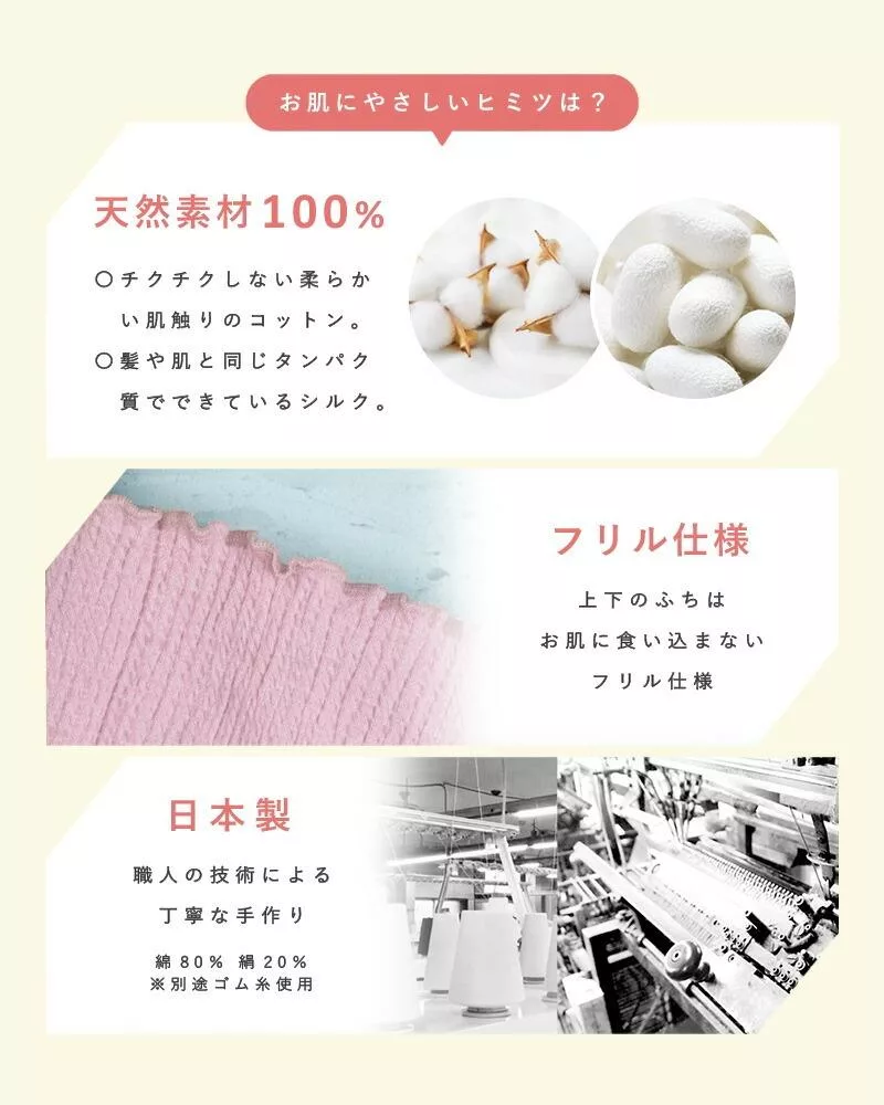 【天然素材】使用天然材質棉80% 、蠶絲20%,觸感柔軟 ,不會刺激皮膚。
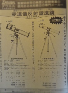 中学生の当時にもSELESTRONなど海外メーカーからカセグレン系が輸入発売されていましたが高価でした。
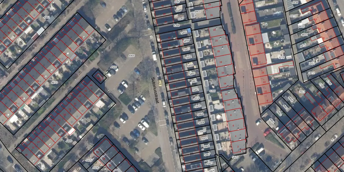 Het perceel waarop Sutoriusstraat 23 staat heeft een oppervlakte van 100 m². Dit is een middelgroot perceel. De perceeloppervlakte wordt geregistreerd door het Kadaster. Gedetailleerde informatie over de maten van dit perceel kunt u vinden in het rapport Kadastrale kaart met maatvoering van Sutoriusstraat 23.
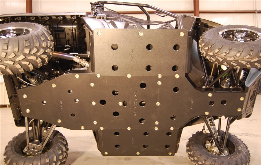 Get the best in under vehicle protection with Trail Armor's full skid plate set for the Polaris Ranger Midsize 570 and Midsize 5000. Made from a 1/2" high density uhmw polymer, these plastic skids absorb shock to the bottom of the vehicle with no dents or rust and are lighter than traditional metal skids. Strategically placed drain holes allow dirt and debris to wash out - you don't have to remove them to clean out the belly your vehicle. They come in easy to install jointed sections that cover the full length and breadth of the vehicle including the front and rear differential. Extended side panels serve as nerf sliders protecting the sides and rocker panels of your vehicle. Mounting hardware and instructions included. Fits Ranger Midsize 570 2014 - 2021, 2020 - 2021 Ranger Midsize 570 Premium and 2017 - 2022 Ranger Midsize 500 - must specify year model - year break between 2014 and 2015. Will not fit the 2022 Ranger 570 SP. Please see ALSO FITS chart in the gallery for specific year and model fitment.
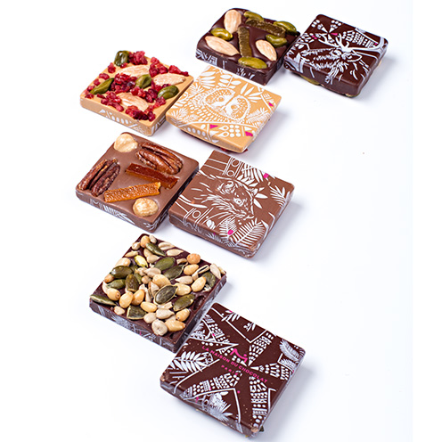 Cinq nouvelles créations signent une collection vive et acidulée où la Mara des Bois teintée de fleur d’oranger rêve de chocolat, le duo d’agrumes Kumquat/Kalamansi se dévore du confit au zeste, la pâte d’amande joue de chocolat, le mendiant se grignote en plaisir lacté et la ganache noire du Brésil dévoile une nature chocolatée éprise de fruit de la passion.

⁂

- EXERCISE GOAL:
Line by line, transcribe the records exactly, omitting the images.

- OUTPUT FOR THIS TASK:
 【天然素材】使用天然材質棉80% 、蠶絲20%,觸感柔軟 ,不會刺激皮膚。
 中学生の当時にもSELESTRONなど海外メーカーからカセグレン系が輸入発売されていましたが高価でした。
 Het perceel waarop Sutoriusstraat 23 staat heeft een oppervlakte van 100 m². Dit is een middelgroot perceel. De perceeloppervlakte wordt geregistreerd door het Kadaster. Gedetailleerde informatie over de maten van dit perceel kunt u vinden in het rapport Kadastrale kaart met maatvoering van Sutoriusstraat 23.
 Get the best in under vehicle protection with Trail Armor's full skid plate set for the Polaris Ranger Midsize 570 and Midsize 5000. Made from a 1/2" high density uhmw polymer, these plastic skids absorb shock to the bottom of the vehicle with no dents or rust and are lighter than traditional metal skids. Strategically placed drain holes allow dirt and debris to wash out - you don't have to remove them to clean out the belly your vehicle. They come in easy to install jointed sections that cover the full length and breadth of the vehicle including the front and rear differential. Extended side panels serve as nerf sliders protecting the sides and rocker panels of your vehicle. Mounting hardware and instructions included. Fits Ranger Midsize 570 2014 - 2021, 2020 - 2021 Ranger Midsize 570 Premium and 2017 - 2022 Ranger Midsize 500 - must specify year model - year break between 2014 and 2015. Will not fit the 2022 Ranger 570 SP. Please see ALSO FITS chart in the gallery for specific year and model fitment.
 Cinq nouvelles créations signent une collection vive et acidulée où la Mara des Bois teintée de fleur d’oranger rêve de chocolat, le duo d’agrumes Kumquat/Kalamansi se dévore du confit au zeste, la pâte d’amande joue de chocolat, le mendiant se grignote en plaisir lacté et la ganache noire du Brésil dévoile une nature chocolatée éprise de fruit de la passion.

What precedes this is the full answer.